Segment Start: Information

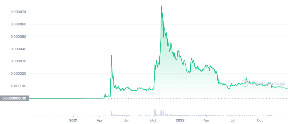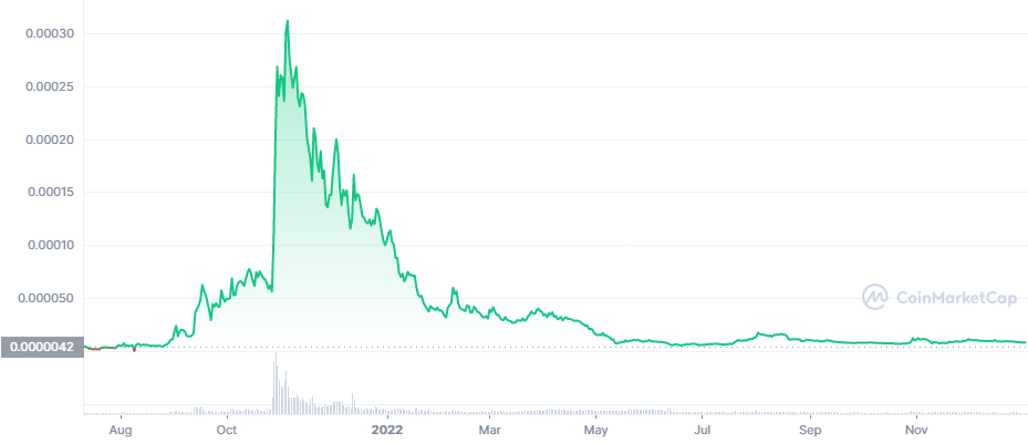 Floki počas svojho najlepšieho obdobia vzrástol o 1 000 %. Od roku 2021 jeho cena už iba klesá a je vysoko pravdepodobné, že projekt neskôr vymrie. Kto stihol nakúpiť pred veľkým rastom, tak mohol podobne ako v prípade prvých dvoch spomenutých kryptomien poriadne zbohatnúť na raste.
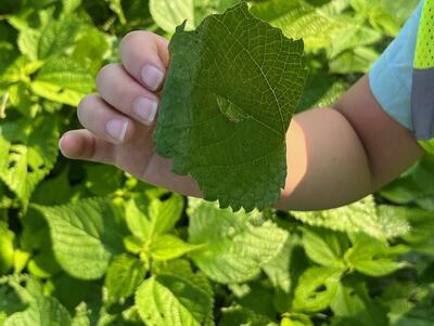 登校班のメンバーが集まるまで、葉っぱで遊んでいる子がいました。
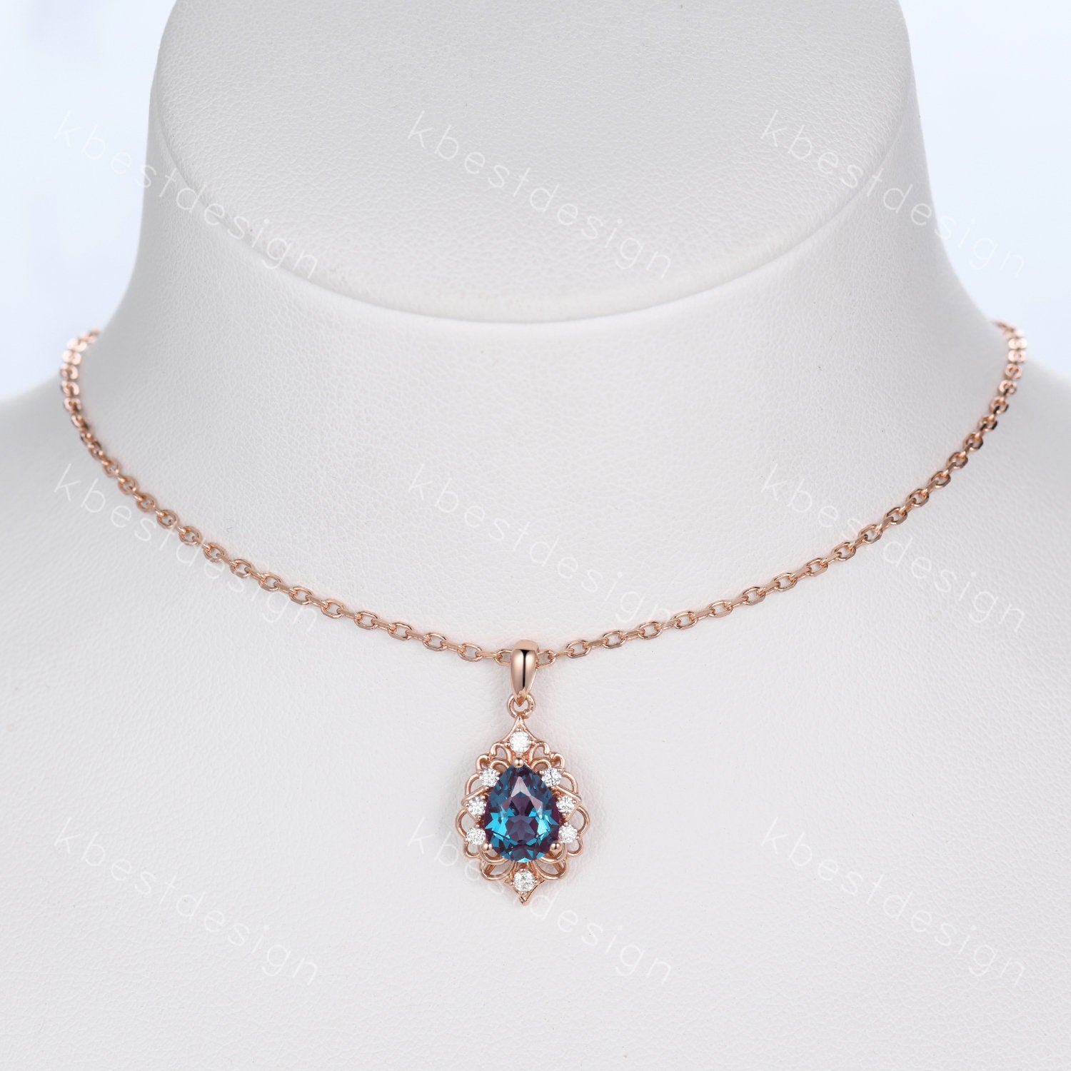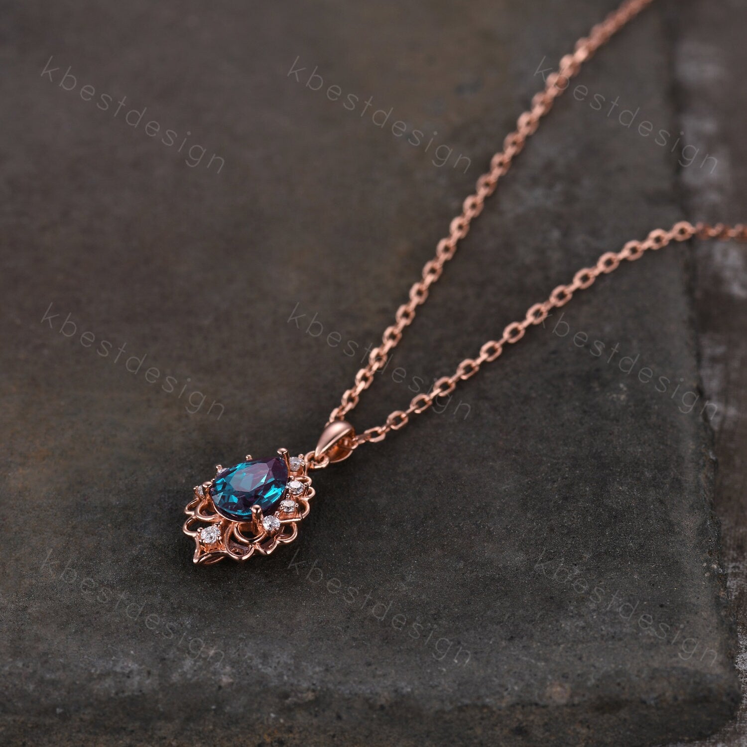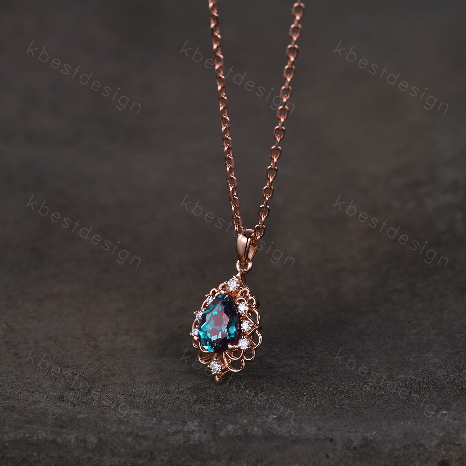 Vintage 1.5CT Alexandrite Necklace, Rose Gold Pear cut Alexandrite Pendant, June Birthstone Jewelry, Unique Art Deco Bridal Promise Gift
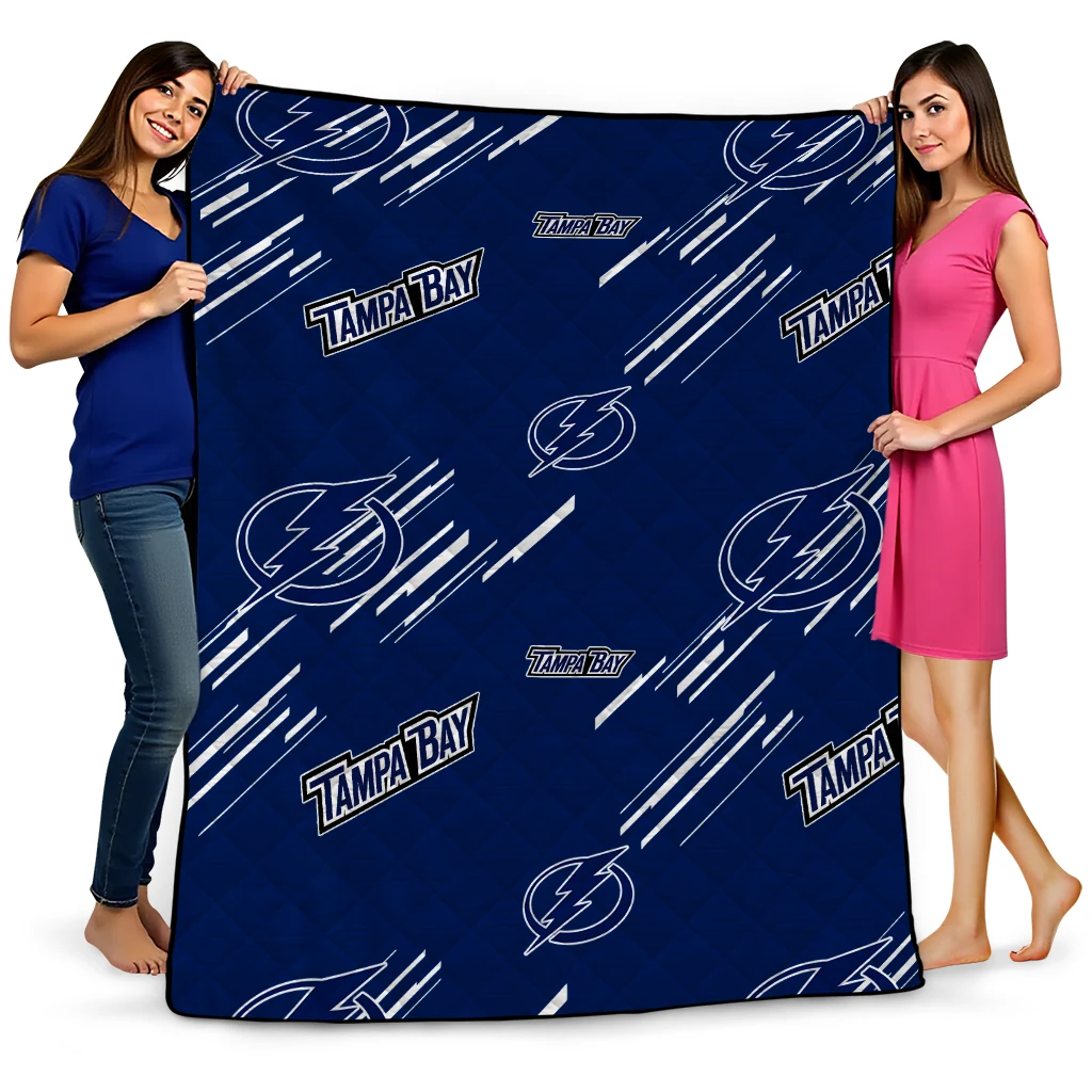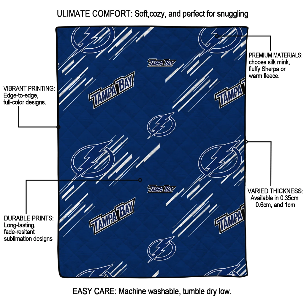 Tampa Bay Lightning Sketch Lines Blue Quilt Blanket
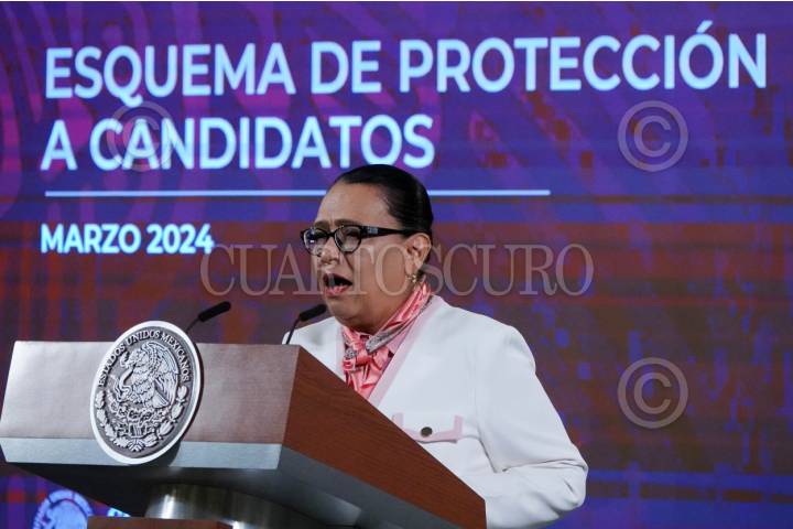 CIUDAD DE MÉXICO, 05MARZO202.- Rosa Icela Rodríguez, secretaria de Seguridad Pública y Protección Ciudadana, presentó el Esquema de Protección a Candidatos en el proceso electoral 2024, durante la conferencia mañanera en qué se realizó el informe de seguridad. FOTO: GALO CAÑAS/CUARTOSCURO.COM
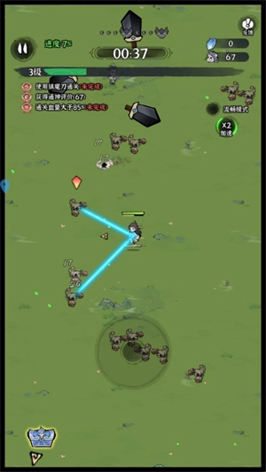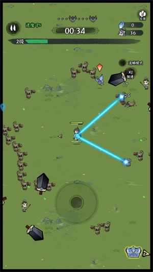 进入关卡后,通过移动摇杆来操控角色移动,角色会自动攻击出现的敌人。
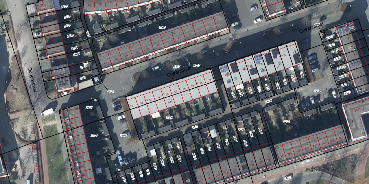 Queenstraat 25 is gelegen op kadastraal perceel LEN00A2366. Deze kadastrale aanduiding is uniek en wordt gebruikt door het Kadaster om eigendomsrechten en andere zakelijke rechten vast te leggen. Het perceel maakt onderdeel uit van de kadastrale gemeente Lent.

Segment End: Information

Work request -> What is wanted is an exact copy of the lines from the line with "CIUDAD DE MÉXICO, 05MARZO202.- Rosa" through the end of the records, both ends included, pictures excluded.

Solution below ->
 CIUDAD DE MÉXICO, 05MARZO202.- Rosa Icela Rodríguez, secretaria de Seguridad Pública y Protección Ciudadana, presentó el Esquema de Protección a Candidatos en el proceso electoral 2024, durante la conferencia mañanera en qué se realizó el informe de seguridad. FOTO: GALO CAÑAS/CUARTOSCURO.COM
 进入关卡后,通过移动摇杆来操控角色移动,角色会自动攻击出现的敌人。
 Queenstraat 25 is gelegen op kadastraal perceel LEN00A2366. Deze kadastrale aanduiding is uniek en wordt gebruikt door het Kadaster om eigendomsrechten en andere zakelijke rechten vast te leggen. Het perceel maakt onderdeel uit van de kadastrale gemeente Lent.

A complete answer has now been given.